On Friday, August 9, his lawyers arrived early. They sat with him in the meeting room, for hours, to explain that new judicial documents had been made public that offered scabrous details about his accusations. There is no record of what happened in his cell when night fell. There are video surveillance cameras in the halls, but not in the cells, since federal law restricts their use in places where prisoners may be naked.
Only 17 officials covered the night shift in the prison, two of them assigned to unit 9 South. The guards had to make visits to Epstein every half hour. But, at least between 3.30 and 6.30, they didn't watch him. The two officials, the subsequent investigation revealed, fell asleep and, to cover up their mistake, falsified the record they were required to keep.
They had been working more hours than the regulations, something common in this and other federal penitentiaries, drowned in financing as a result of the reduction of public spending by the Trump Administration. One of the officials who guarded Epstein did not work watching inmates, but had offered to do so to get a bonus. The other, a woman who was assigned to that unit, was working overtime.
At 6.30 on Saturday, August 10, when they made their round, officials found Epstein with a sheet attached to his neck, hanging from the bunk. The inmates heard screams. "Breathe, Epstein, breathe!" He had resuscitation maneuvers and was transferred to a nearby hospital, where his death was certified.
On Sunday the autopsy was carried out. The forensic chief of the city, Barbara Sampson, said she needed more information before reaching a definitive conclusion, which is common in these cases. Epstein had the hyoid broken. The fracture of this bone usually indicates death by strangulation, but in men, especially at an advanced age, it may be compatible with hanging. On Friday afternoon the results of the autopsy were known: Epstein had committed suicide by hanging himself with a sheet.

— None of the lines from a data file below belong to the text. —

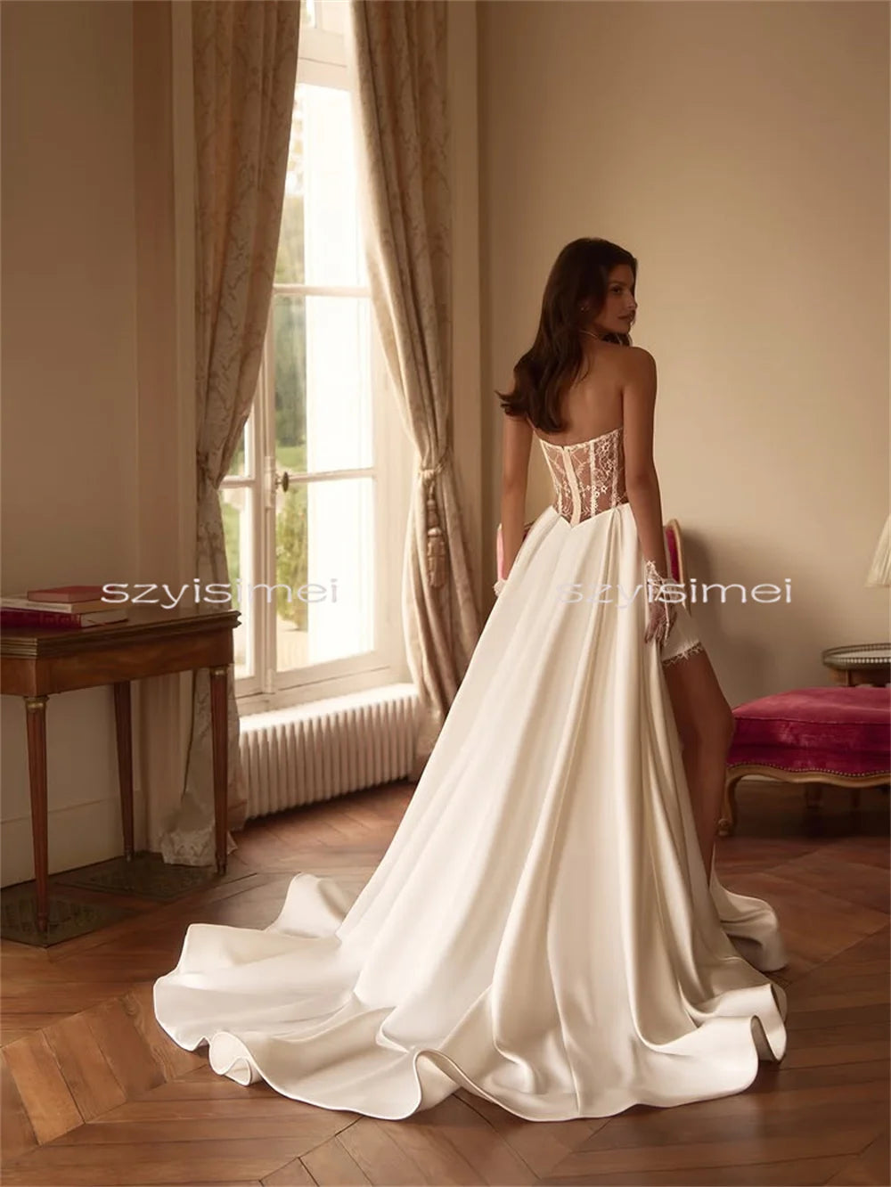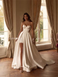 Modern A-Line Wedding Dress Minimalist Simple Satin Bridal Dress Back See Through Evening Gowns vestido de noiva
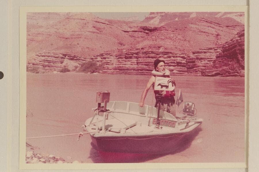 Ed l'Anson in the "Bootoo." Camp at Mile 70. Ed was the FIRST man to go through the Grand Canyon wearing a plug hat
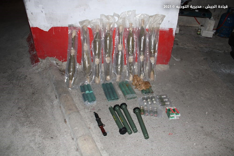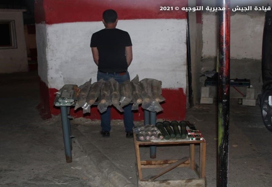 أصدرت قيادة الجيش مديرية التوجيه بياناً جاء فيه: “بتاريخ 27/ 4/ 2021 أوقفت وحدة من الجيش عند مدخل مخيم عين الحلوة صيدا الفلسطيني “م.أ”، وضبطت بحوزته 8 قذائف صاروخية نوع آر بي جي مع 12 حشوة دافعة عائدة لها، 10 رمانات بندقية عيار 40 ملم، 4 رمانات بندقية مضادة للأشخاص، وكمية من ذخيرة المسدسات والأعتدة الحربية”.
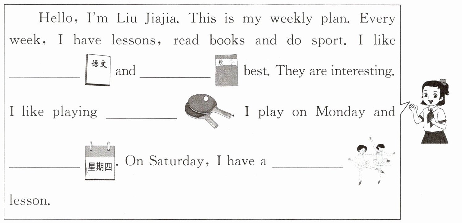 九、根据图片提示,帮助刘佳佳完成她的每周计划,每空一词。
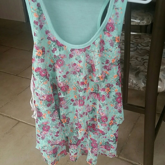 Never worn. Mint (seafoam green) shirt with foral design on the front. the front of the shirt is ruffled.
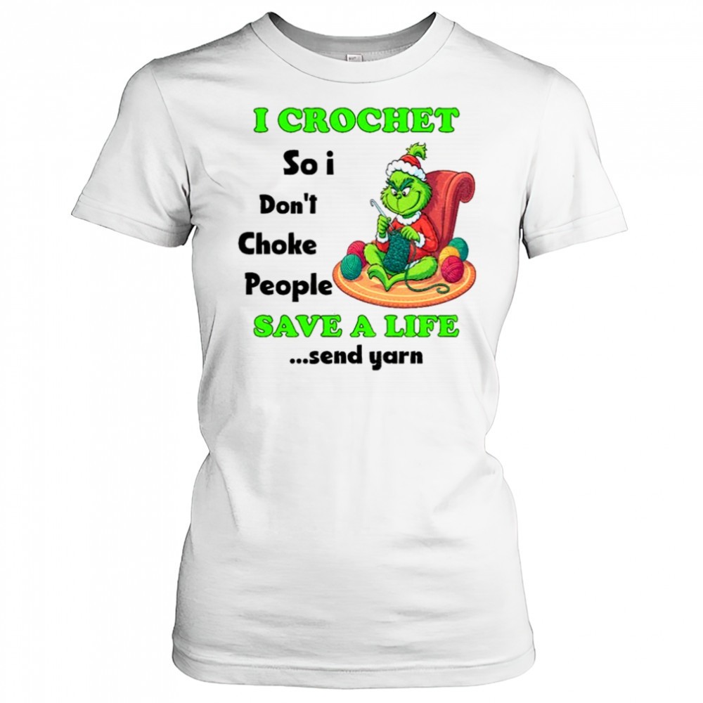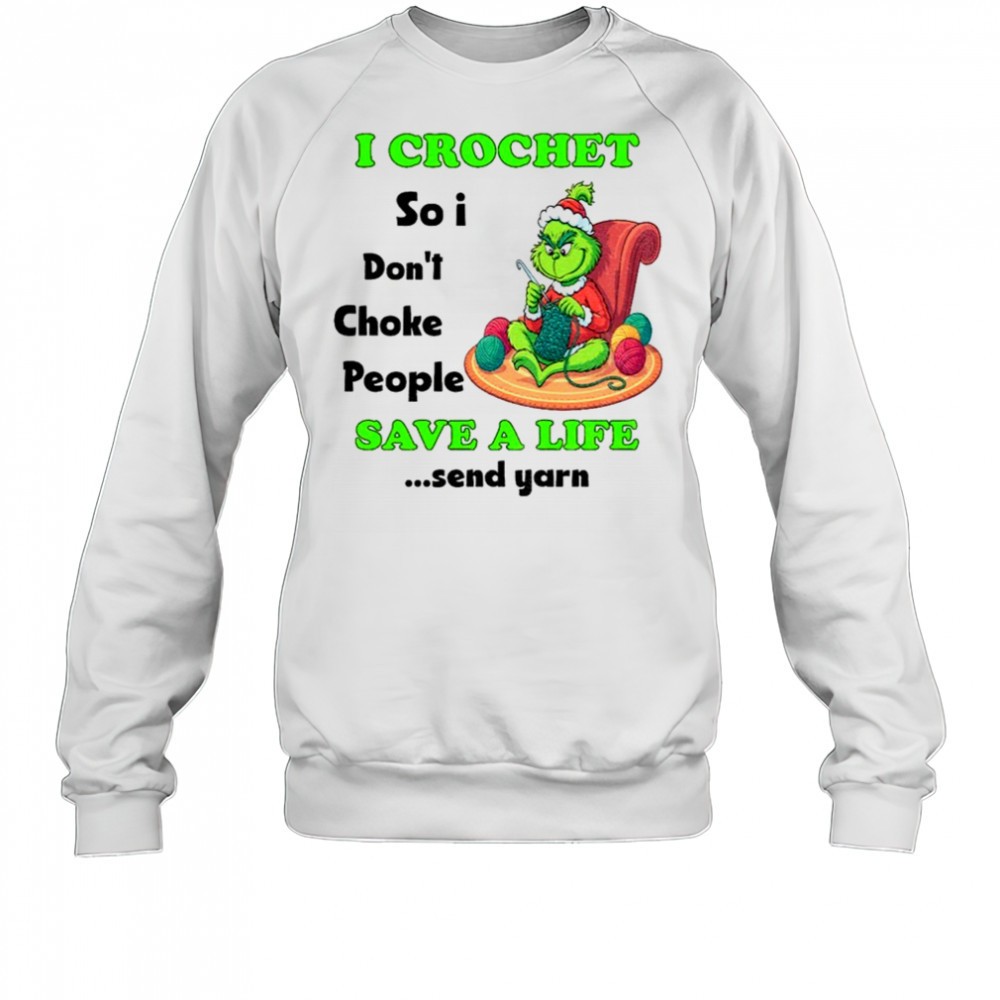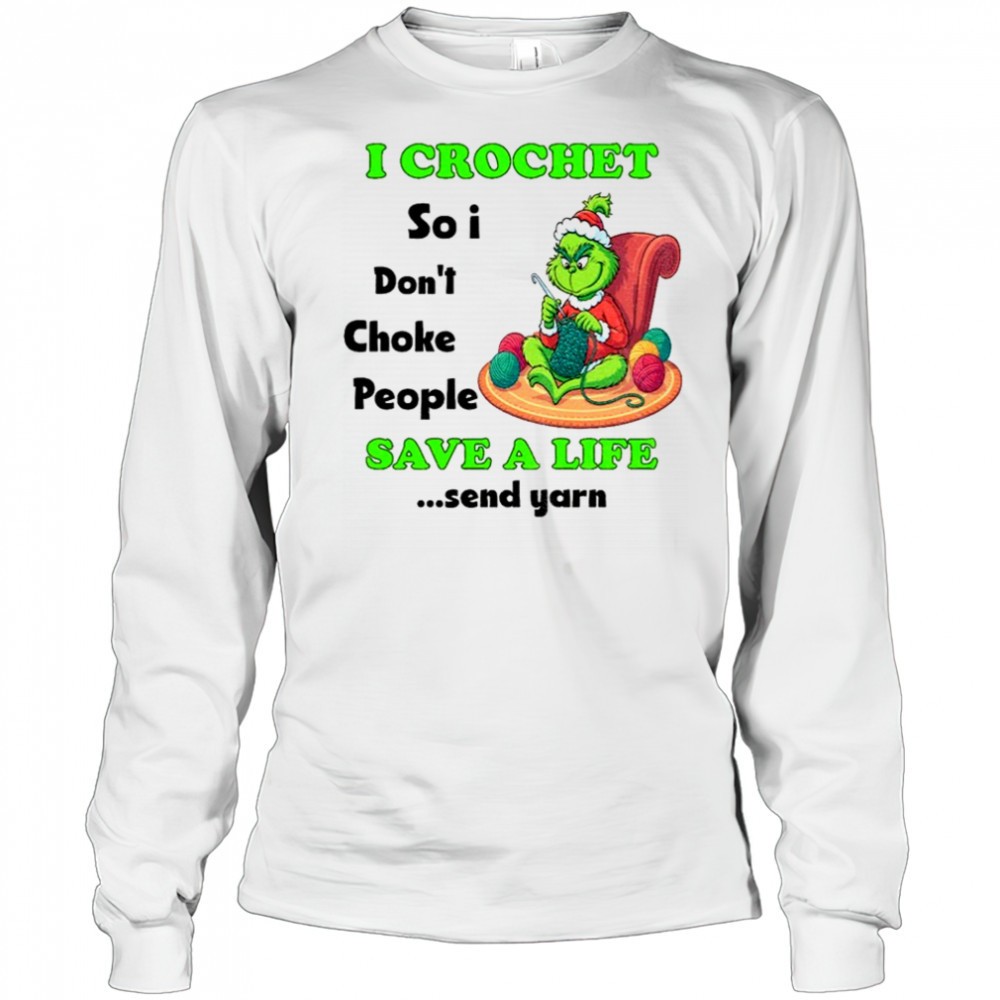 Grinch Xmas I crochet so I dont choke people save a life send yarn Merry Christmas shirt
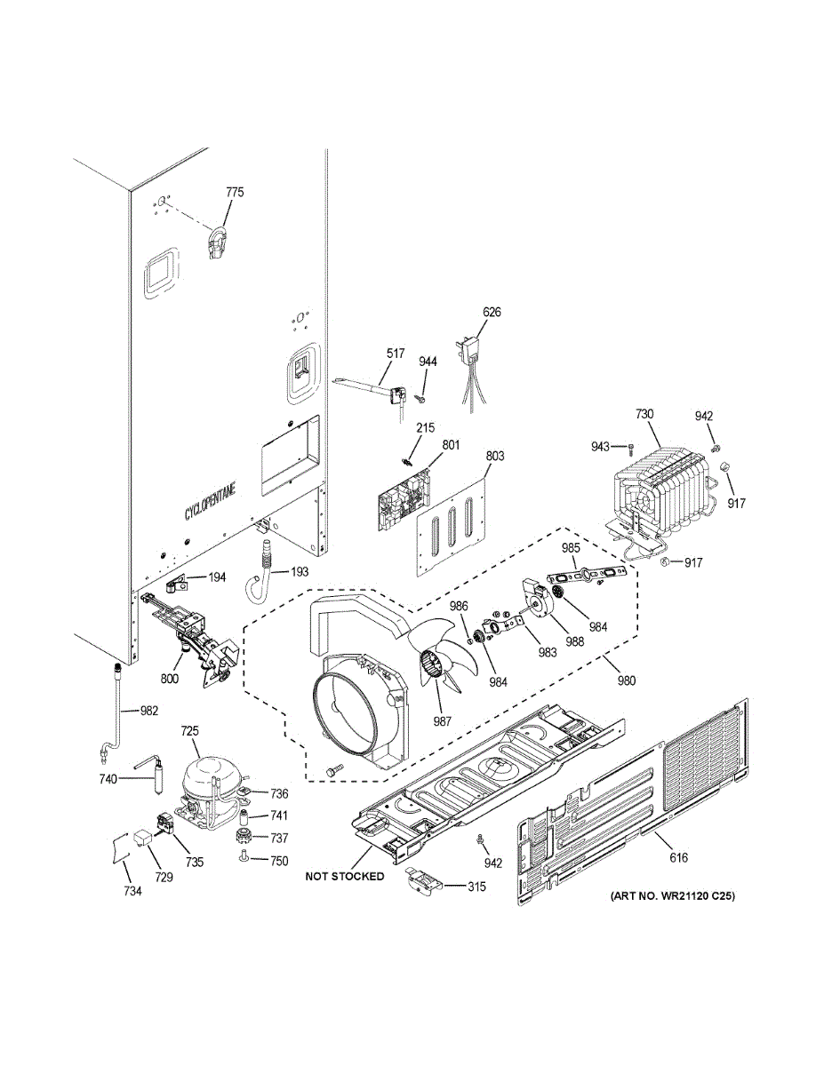 Cardboard or metal cover that closes the machine compartment opening on your refrigerator back panel. Replace if cracked, missing, or water-damaged.
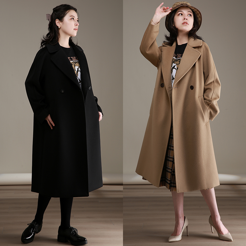 NZ Herben Wind High-end Camel Wool Cashmere Big Coat Woman Mid-Length Version Loose Outline Shaped Horn Button Hair Coat Winter
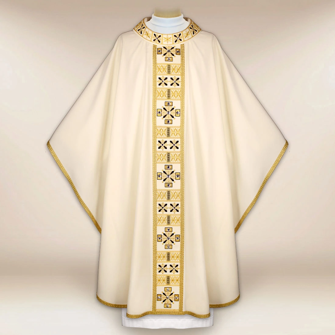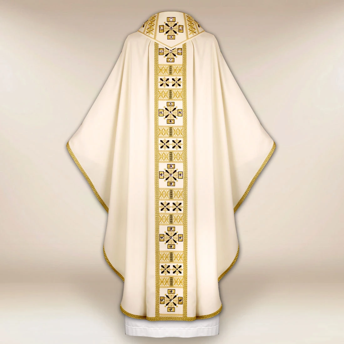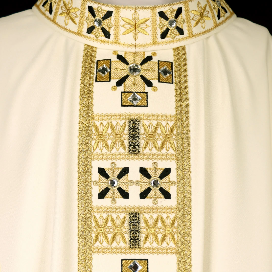Le pietre applicate a mano in tonalità oro antico conferiscono alla veste un delicato splendore, creando un accento che non domina il progetto, ma lo arricchisce. La bordatura in passamaneria italiana intrecciata conferisce alla veste una linea definita e un’ulteriore sottolineatura dei contorni. Tutti gli elementi si uniscono in un progetto che è al contempo solenne, sereno e pieno di dignità liturgica.
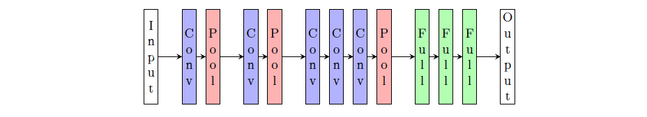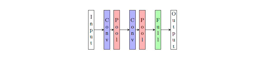 我们现在来了解过去 20 年文献中使用的标准 CNN 架构,我们将按时间顺序介绍这些架构(到 2015 年底)。我们将采用以下图示进行介绍。
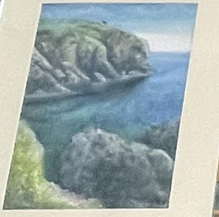 the painting comes with an ivory mount and a grey card backing board
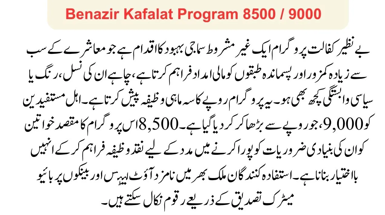 Benazir Kafalat Program 8500 / 9000
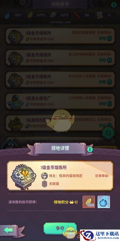 你可以选择其他玩家的城镇设施开始领地争夺,胜利之后可以获取对应的资源和荣誉点。

The FBI and the Department of Justice have opened investigations to clarify the “serious irregularities” that, in the words of the attorney general, William Barr, occurred in the custody of one of the highest profile prisoners in the country. The lawyers of the deceased have assured that they will carry out their own investigation. "No one should die in jail," they said in a statement.
Suicide risk
The suicide prevention protocol, which was applied to Epstein for six days after an incident on July 23, includes the transfer of the prisoner to a special observation cell, surrounded by windows, with a bed screwed to the floor and without sheets No blankets All federal prisons must have at least one of these cells, which provide "an unobstructed view" of the inmate and must not have "architectural features that may allow self-injury."
The light is on 24 hours a day and officials, in turn, sit in an adjacent room and constantly monitor the prisoner, keeping a written record of his behavior. They are given food that they can eat with their fingers, without cutlery. They are in the cell up to 23 hours a day, often unable to shower.
The suicide surveillance regime is designed for short periods of time, due to the stress it generates on the subject and on the officials. It is the program coordinator, usually the chief prison psychologist, who determines that there is no longer "imminent risk of suicide" after conducting a face-to-face psychological evaluation with the inmate. The risk of suicide is so high in prisons Federal guards have access to a wooden stick with a blade at one end so they can quickly cut the sheet if they find a prisoner hanging. The data of how many people have committed suicide in the Manhattan correctional facility is not public, but figures from the Bureau of Prisons show that at least 124 people took their lives in federal prisons between 2010 and 2016.